*TASK OBJECTIVE*
When you copy the listing, skip the images and return each line verbatim.

*RECORDED INFORMATION*
○ ○ ○

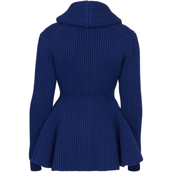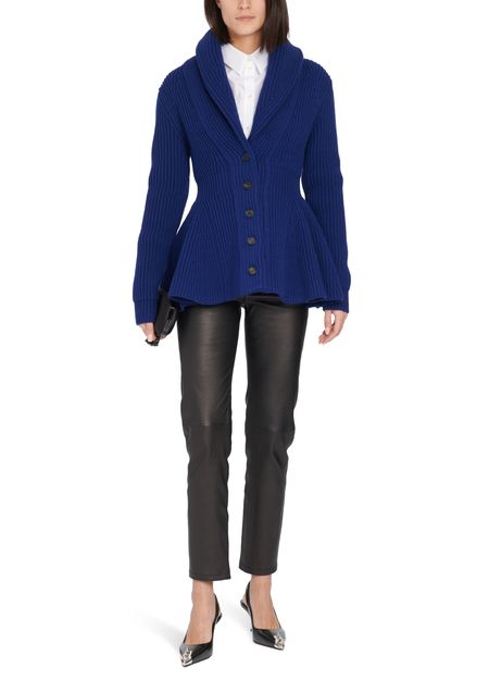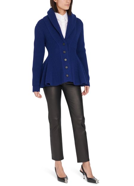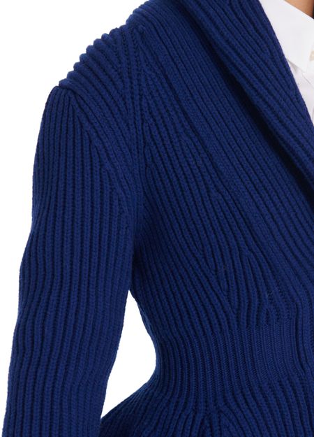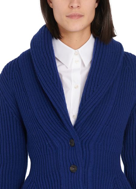 This elegant cardigan is a signature piece by Alexander McQueen. This button-front piece has a wonderful wide fit and a shawl collar surrounding a bold neckline.
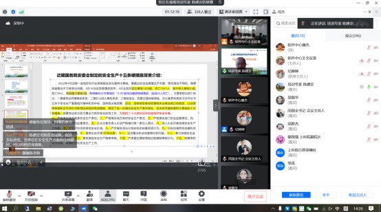 ‘安全生产月’专题培训”通过线上形式成功举办。行业资深专家陈建定老师为参会人员作了“《安全生产法》解析”的专题辅导。上科院行政保障处相关人员,各直属单位主要领导、分管领导、负责安全生产管理工作的部门负责人和管理人员,软件中心全体员工约360人参加了培训。
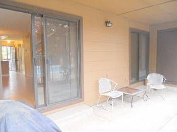 This is very nice end unit that has been upgraded. This two bedroom two bath has laminate flooring, tile counters, newer carpet, newer cabinets, washer, dryer, refrigerator, wood burning fireplace, huge secluded patio. This is a normal sale..
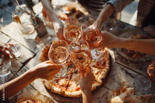 Group of friends enjoying dinner party with pizza and wine toasting together.

○ ○ ○

*RESULT BELOW*
 This elegant cardigan is a signature piece by Alexander McQueen. This button-front piece has a wonderful wide fit and a shawl collar surrounding a bold neckline.
 ‘安全生产月’专题培训”通过线上形式成功举办。行业资深专家陈建定老师为参会人员作了“《安全生产法》解析”的专题辅导。上科院行政保障处相关人员,各直属单位主要领导、分管领导、负责安全生产管理工作的部门负责人和管理人员,软件中心全体员工约360人参加了培训。
 This is very nice end unit that has been upgraded. This two bedroom two bath has laminate flooring, tile counters, newer carpet, newer cabinets, washer, dryer, refrigerator, wood burning fireplace, huge secluded patio. This is a normal sale..
 Group of friends enjoying dinner party with pizza and wine toasting together.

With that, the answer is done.